Aconteceu tudo o que se previra e poderia ter sido evitado — a repentina, tumultuada e desmedida desvalorização cambial. O tumor extirpado é o lado positivo desse episódio. Agora, se o governo abandonar sua arrogância e acolher soluções novas, pode-se ter uma luz no fim do túnel. A ilusão do real forte teve resultados imediatos extasiantes.


A economia cresceu por quase três anos (1995-1997). O governo capitalizou, colhendo grandes vitórias político-eleitorais. Ganhos fugazes. Na esteira da euforia da estabilidade, os juros foram ao espaço, o desemprego atingiu a todos — classes, profissões, setores; a dívida pública e das empresas explodiu. Chegou a hora de pagar a conta.

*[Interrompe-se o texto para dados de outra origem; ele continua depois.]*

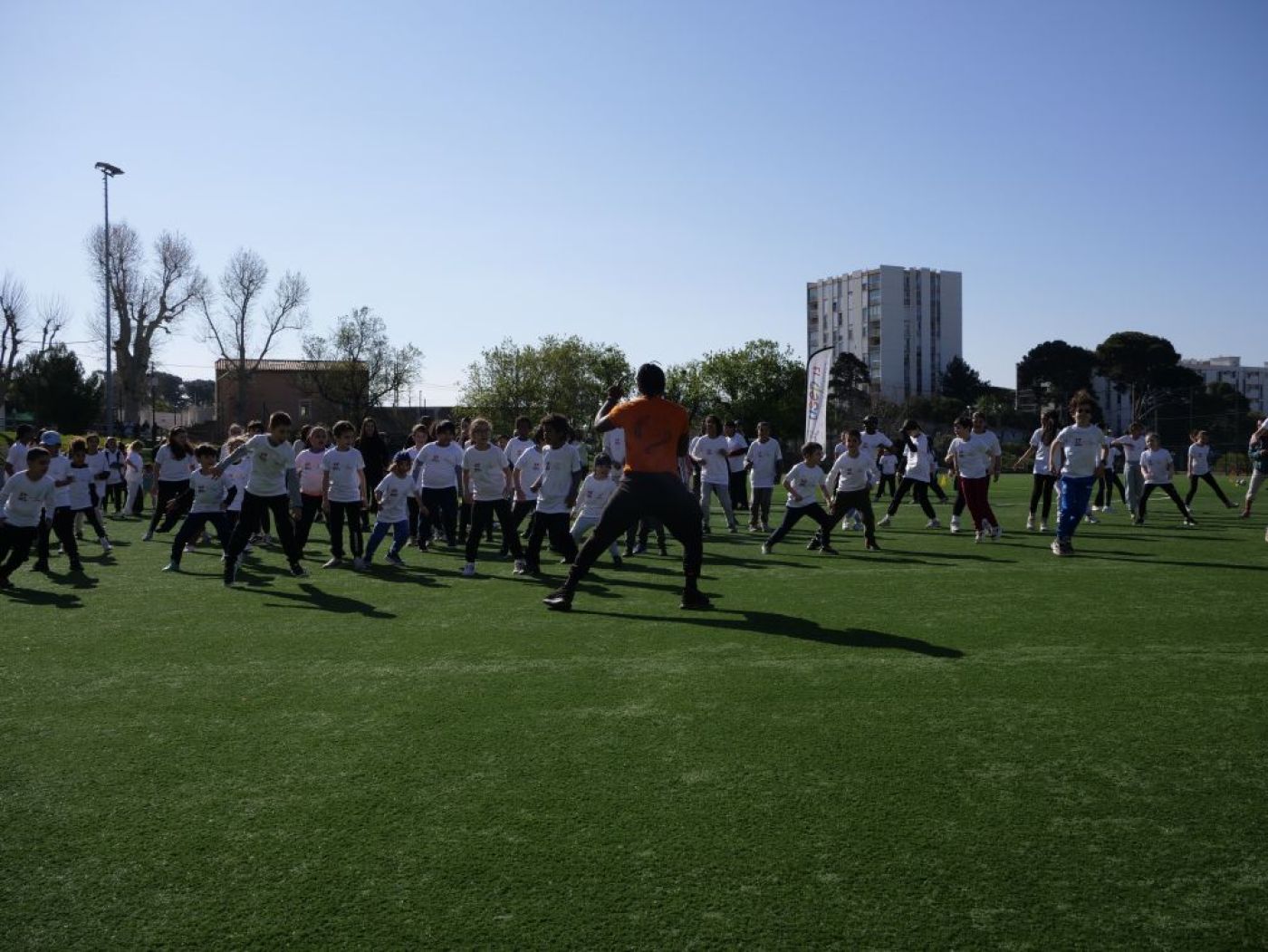Sous un doux soleil matinal, la journée a débuté par un échauffement collectif, comme toute activité sportive se doit de l'être. Porté par Lionel, chargé de mission à l'USEP 13, l'ensemble des enfants présents a répété ses gestes avec assiduité. Après cette mise en bouche, le cœur battant, chaque groupe a pu explorer une pratique sportive durant 20 minutes avant de rejoindre l'atelier suivant.

Três condições precisam ser satisfeitas nos meses à frente para que a desvalorização do real venha a valer a pena. A primeira: os preços dos produtos comercializados com o exterior deverão subir em relação aos produtos exclusivamente internos. Ou seja, combustíveis, trigo, equipamentos e matérias-primas importados, café, semimanufaturados de exportação, turismo internacional, etc. precisarão ter seus preços em reais aumentados, assim como os produtos brasileiros exportados deverão custar mais para o consumidor doméstico.


A segunda condição, por conseguinte, é que a relação salário/câmbio terá de evoluir contra os assalariados brasileiros. Isto é, os salários internos precisarão comprar menos do que antes. E a terceira é que a mudança nos preços relativos e seus reflexos na renda e na riqueza dos diferentes agentes econômicos e sociais terão de ser absorvidos sem gerar conflitos distributivos entre capital e trabalho, entre bens transacionados no mercado internacional e os de uso exclusivamente internos, ou entre o governo e o setor privado. Se cada agente tentar recuperar perdas com elevação de seus preços ou de sua renda, acionará os mecanismos de indexação e a volta da espiral inflacionária.


Um surto de aumento de preços não é inflação. Se ocorrer de uma só vez ("once and for all"), o aumento no nível de preços terá apenas um surto, caindo em seguida, sem persistir. Neste caso, a desvalorização do real terá surtido o efeito desejado — o balanço de comércio tenderá ao equilíbrio, os juros poderão ser reduzidos, o déficit público cairá sensivelmente. Então, a economia poderá voltar a crescer. Há uma luz no fim do túnel. Pode ser um trem em sentido contrário. Mas se o governo souber manejar seus instrumentos, trabalhadores e empresários aceitarem as perdas que couberem a cada um, provavelmente será a saída do sufoco.


Marcos Cintra Cavalcanti de Albuquerque, economista, é deputado federal pelo PL-SP.